= ASSIGNMENT =
All entries below are to be set down again exactly as given.

Stored items:
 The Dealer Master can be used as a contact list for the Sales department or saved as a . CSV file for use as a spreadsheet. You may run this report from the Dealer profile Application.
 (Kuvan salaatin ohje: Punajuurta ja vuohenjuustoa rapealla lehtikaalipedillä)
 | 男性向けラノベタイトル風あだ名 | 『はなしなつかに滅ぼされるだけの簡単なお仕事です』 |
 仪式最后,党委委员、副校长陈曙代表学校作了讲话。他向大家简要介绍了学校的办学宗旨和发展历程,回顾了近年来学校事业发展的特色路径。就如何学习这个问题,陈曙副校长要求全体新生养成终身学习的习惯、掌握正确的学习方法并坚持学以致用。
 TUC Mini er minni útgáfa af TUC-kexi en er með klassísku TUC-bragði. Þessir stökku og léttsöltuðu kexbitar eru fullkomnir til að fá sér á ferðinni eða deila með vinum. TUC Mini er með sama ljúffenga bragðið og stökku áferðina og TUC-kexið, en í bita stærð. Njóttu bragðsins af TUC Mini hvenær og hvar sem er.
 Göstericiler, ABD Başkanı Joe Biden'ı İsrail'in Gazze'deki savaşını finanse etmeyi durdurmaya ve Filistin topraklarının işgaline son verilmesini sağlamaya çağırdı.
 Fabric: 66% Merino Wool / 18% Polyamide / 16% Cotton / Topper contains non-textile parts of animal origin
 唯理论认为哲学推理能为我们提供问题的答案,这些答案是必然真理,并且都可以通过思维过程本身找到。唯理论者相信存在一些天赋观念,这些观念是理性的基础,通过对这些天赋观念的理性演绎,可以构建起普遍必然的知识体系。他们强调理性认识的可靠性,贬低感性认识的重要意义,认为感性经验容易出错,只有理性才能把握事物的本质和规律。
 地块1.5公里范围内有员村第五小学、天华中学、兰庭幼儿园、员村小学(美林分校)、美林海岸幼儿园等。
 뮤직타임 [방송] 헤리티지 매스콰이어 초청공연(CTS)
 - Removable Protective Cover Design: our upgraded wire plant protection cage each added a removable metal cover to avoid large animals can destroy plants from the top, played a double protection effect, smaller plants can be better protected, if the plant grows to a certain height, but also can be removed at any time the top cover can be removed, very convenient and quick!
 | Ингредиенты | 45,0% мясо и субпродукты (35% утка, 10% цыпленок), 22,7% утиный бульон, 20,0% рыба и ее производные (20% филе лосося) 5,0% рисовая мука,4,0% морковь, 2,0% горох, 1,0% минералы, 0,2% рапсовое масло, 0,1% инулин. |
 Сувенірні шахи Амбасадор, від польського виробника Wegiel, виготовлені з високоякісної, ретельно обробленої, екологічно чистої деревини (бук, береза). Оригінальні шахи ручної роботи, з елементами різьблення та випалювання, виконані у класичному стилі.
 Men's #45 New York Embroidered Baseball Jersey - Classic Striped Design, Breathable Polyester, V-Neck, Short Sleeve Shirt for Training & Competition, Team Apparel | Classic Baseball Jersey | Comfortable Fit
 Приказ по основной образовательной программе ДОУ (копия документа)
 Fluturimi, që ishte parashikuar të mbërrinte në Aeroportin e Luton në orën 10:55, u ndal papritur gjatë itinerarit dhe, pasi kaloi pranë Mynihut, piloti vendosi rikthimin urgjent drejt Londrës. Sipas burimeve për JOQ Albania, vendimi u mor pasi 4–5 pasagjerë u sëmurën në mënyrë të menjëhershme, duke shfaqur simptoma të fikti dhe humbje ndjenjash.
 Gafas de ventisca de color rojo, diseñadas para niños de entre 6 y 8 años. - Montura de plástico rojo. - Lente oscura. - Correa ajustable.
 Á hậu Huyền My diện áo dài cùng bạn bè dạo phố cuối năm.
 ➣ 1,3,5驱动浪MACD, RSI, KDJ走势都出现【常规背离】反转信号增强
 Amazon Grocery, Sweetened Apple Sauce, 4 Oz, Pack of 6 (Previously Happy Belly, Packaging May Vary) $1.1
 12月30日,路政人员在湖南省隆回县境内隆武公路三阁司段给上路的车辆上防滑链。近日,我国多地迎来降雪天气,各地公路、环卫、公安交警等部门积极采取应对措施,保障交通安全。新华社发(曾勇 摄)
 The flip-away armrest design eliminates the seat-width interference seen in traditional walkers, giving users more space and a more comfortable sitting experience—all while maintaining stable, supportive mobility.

= OUTPUT =
 The Dealer Master can be used as a contact list for the Sales department or saved as a . CSV file for use as a spreadsheet. You may run this report from the Dealer profile Application.
 (Kuvan salaatin ohje: Punajuurta ja vuohenjuustoa rapealla lehtikaalipedillä)
 | 男性向けラノベタイトル風あだ名 | 『はなしなつかに滅ぼされるだけの簡単なお仕事です』 |
 仪式最后,党委委员、副校长陈曙代表学校作了讲话。他向大家简要介绍了学校的办学宗旨和发展历程,回顾了近年来学校事业发展的特色路径。就如何学习这个问题,陈曙副校长要求全体新生养成终身学习的习惯、掌握正确的学习方法并坚持学以致用。
 TUC Mini er minni útgáfa af TUC-kexi en er með klassísku TUC-bragði. Þessir stökku og léttsöltuðu kexbitar eru fullkomnir til að fá sér á ferðinni eða deila með vinum. TUC Mini er með sama ljúffenga bragðið og stökku áferðina og TUC-kexið, en í bita stærð. Njóttu bragðsins af TUC Mini hvenær og hvar sem er.
 Göstericiler, ABD Başkanı Joe Biden'ı İsrail'in Gazze'deki savaşını finanse etmeyi durdurmaya ve Filistin topraklarının işgaline son verilmesini sağlamaya çağırdı.
 Fabric: 66% Merino Wool / 18% Polyamide / 16% Cotton / Topper contains non-textile parts of animal origin
 唯理论认为哲学推理能为我们提供问题的答案,这些答案是必然真理,并且都可以通过思维过程本身找到。唯理论者相信存在一些天赋观念,这些观念是理性的基础,通过对这些天赋观念的理性演绎,可以构建起普遍必然的知识体系。他们强调理性认识的可靠性,贬低感性认识的重要意义,认为感性经验容易出错,只有理性才能把握事物的本质和规律。
 地块1.5公里范围内有员村第五小学、天华中学、兰庭幼儿园、员村小学(美林分校)、美林海岸幼儿园等。
 뮤직타임 [방송] 헤리티지 매스콰이어 초청공연(CTS)
 - Removable Protective Cover Design: our upgraded wire plant protection cage each added a removable metal cover to avoid large animals can destroy plants from the top, played a double protection effect, smaller plants can be better protected, if the plant grows to a certain height, but also can be removed at any time the top cover can be removed, very convenient and quick!
 | Ингредиенты | 45,0% мясо и субпродукты (35% утка, 10% цыпленок), 22,7% утиный бульон, 20,0% рыба и ее производные (20% филе лосося) 5,0% рисовая мука,4,0% морковь, 2,0% горох, 1,0% минералы, 0,2% рапсовое масло, 0,1% инулин. |
 Сувенірні шахи Амбасадор, від польського виробника Wegiel, виготовлені з високоякісної, ретельно обробленої, екологічно чистої деревини (бук, береза). Оригінальні шахи ручної роботи, з елементами різьблення та випалювання, виконані у класичному стилі.
 Men's #45 New York Embroidered Baseball Jersey - Classic Striped Design, Breathable Polyester, V-Neck, Short Sleeve Shirt for Training & Competition, Team Apparel | Classic Baseball Jersey | Comfortable Fit
 Приказ по основной образовательной программе ДОУ (копия документа)
 Fluturimi, që ishte parashikuar të mbërrinte në Aeroportin e Luton në orën 10:55, u ndal papritur gjatë itinerarit dhe, pasi kaloi pranë Mynihut, piloti vendosi rikthimin urgjent drejt Londrës. Sipas burimeve për JOQ Albania, vendimi u mor pasi 4–5 pasagjerë u sëmurën në mënyrë të menjëhershme, duke shfaqur simptoma të fikti dhe humbje ndjenjash.
 Gafas de ventisca de color rojo, diseñadas para niños de entre 6 y 8 años. - Montura de plástico rojo. - Lente oscura. - Correa ajustable.
 Á hậu Huyền My diện áo dài cùng bạn bè dạo phố cuối năm.
 ➣ 1,3,5驱动浪MACD, RSI, KDJ走势都出现【常规背离】反转信号增强
 Amazon Grocery, Sweetened Apple Sauce, 4 Oz, Pack of 6 (Previously Happy Belly, Packaging May Vary) $1.1
 12月30日,路政人员在湖南省隆回县境内隆武公路三阁司段给上路的车辆上防滑链。近日,我国多地迎来降雪天气,各地公路、环卫、公安交警等部门积极采取应对措施,保障交通安全。新华社发(曾勇 摄)
 The flip-away armrest design eliminates the seat-width interference seen in traditional walkers, giving users more space and a more comfortable sitting experience—all while maintaining stable, supportive mobility.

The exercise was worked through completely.